**Task directions:** Write out again the lines from the line with "連節バスにおいて、車両前面の" up to and including the line with "Semi silk cotton", exactly as they stand below, and skip any picture.

**Records supplied:**
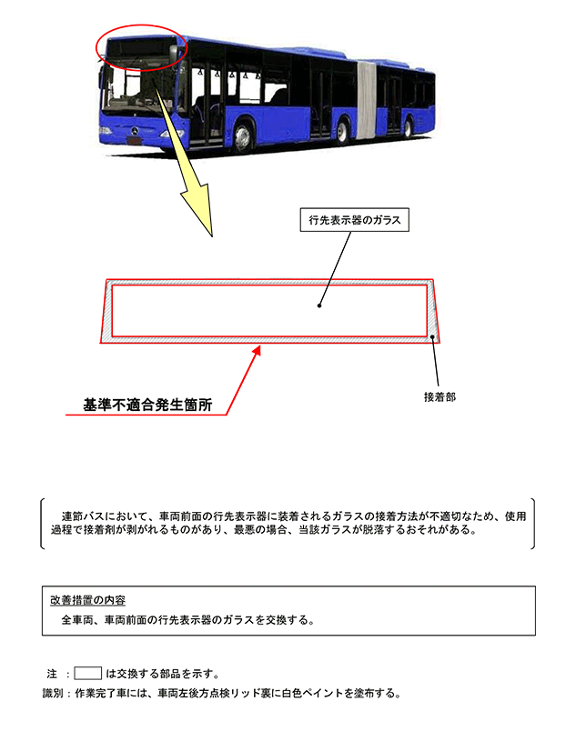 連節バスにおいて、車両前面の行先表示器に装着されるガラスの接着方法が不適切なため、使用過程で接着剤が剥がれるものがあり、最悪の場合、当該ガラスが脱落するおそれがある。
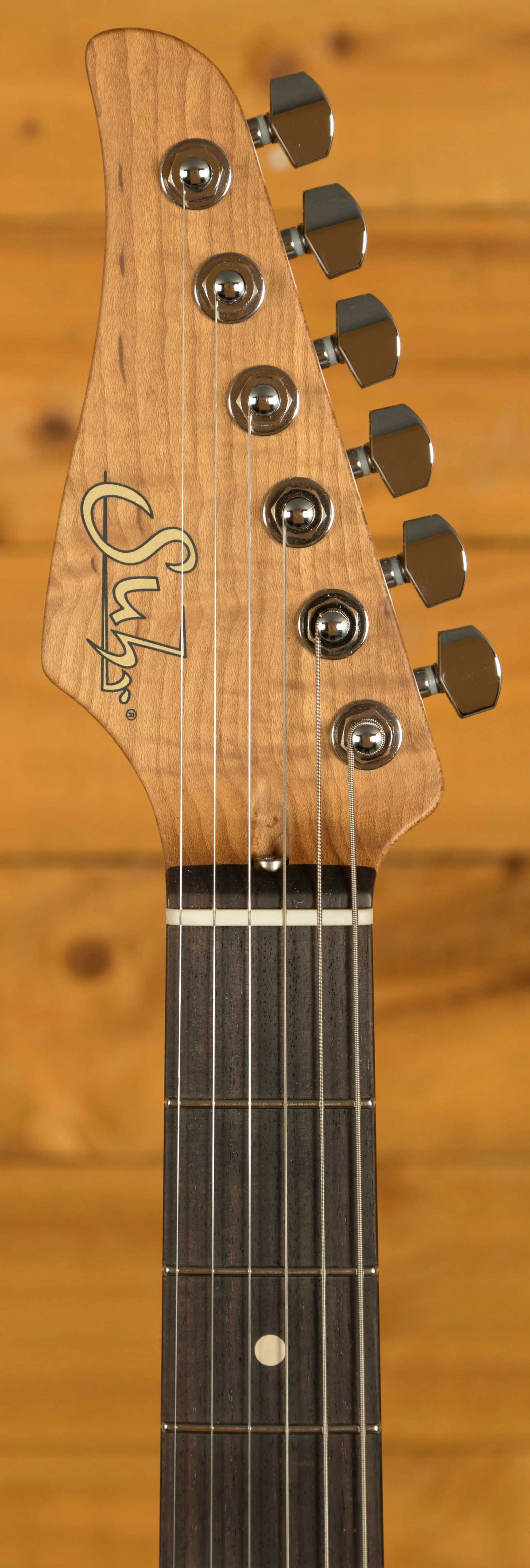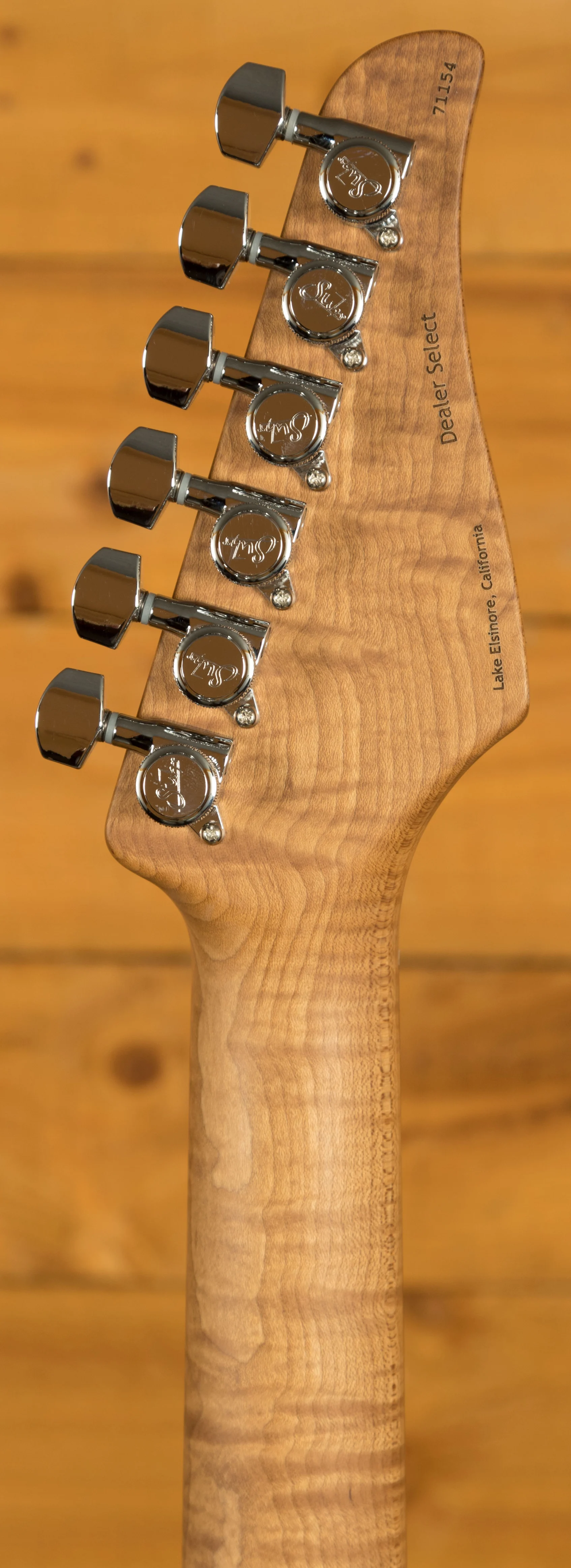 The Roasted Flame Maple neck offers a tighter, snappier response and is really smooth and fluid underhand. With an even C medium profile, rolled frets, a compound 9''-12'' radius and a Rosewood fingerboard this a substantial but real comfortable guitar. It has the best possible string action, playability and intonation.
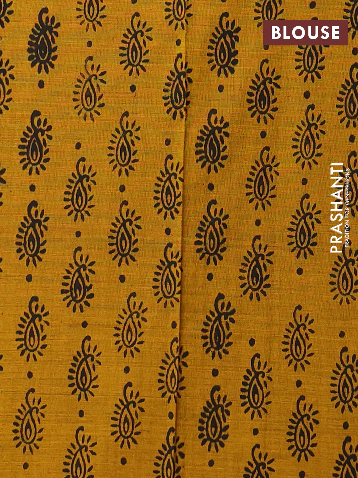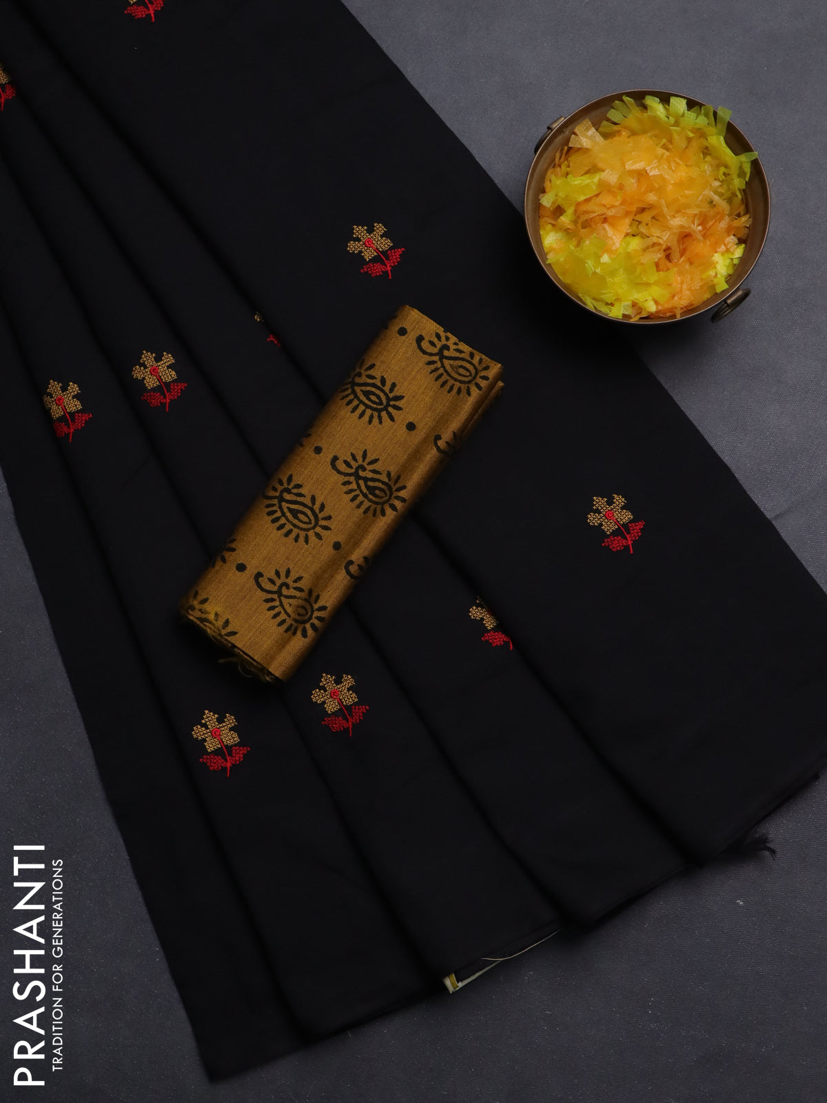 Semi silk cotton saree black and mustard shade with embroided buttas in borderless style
...
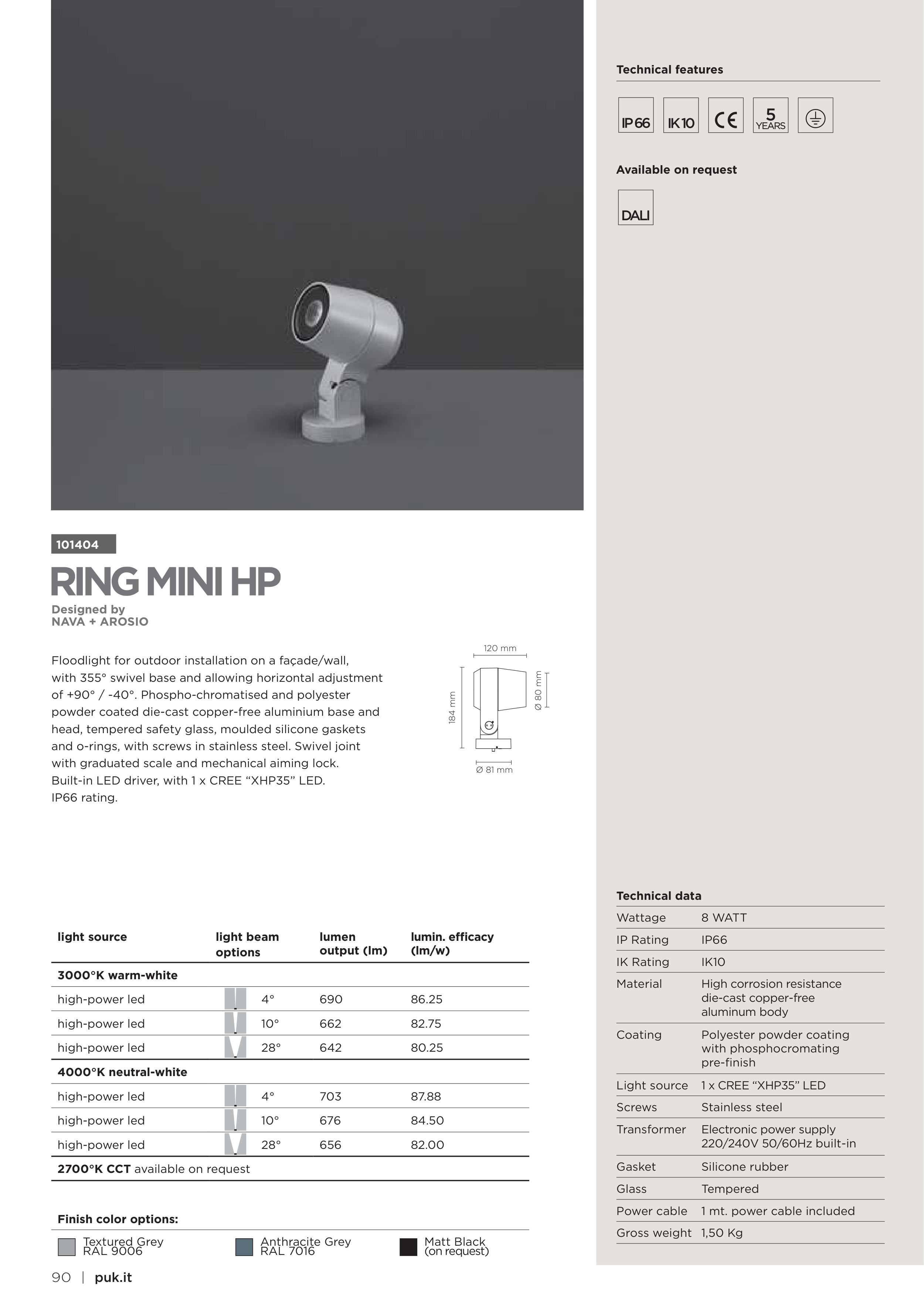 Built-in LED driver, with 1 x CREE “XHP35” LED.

**Your solution:**
 連節バスにおいて、車両前面の行先表示器に装着されるガラスの接着方法が不適切なため、使用過程で接着剤が剥がれるものがあり、最悪の場合、当該ガラスが脱落するおそれがある。
 The Roasted Flame Maple neck offers a tighter, snappier response and is really smooth and fluid underhand. With an even C medium profile, rolled frets, a compound 9''-12'' radius and a Rosewood fingerboard this a substantial but real comfortable guitar. It has the best possible string action, playability and intonation.
 Semi silk cotton saree black and mustard shade with embroided buttas in borderless style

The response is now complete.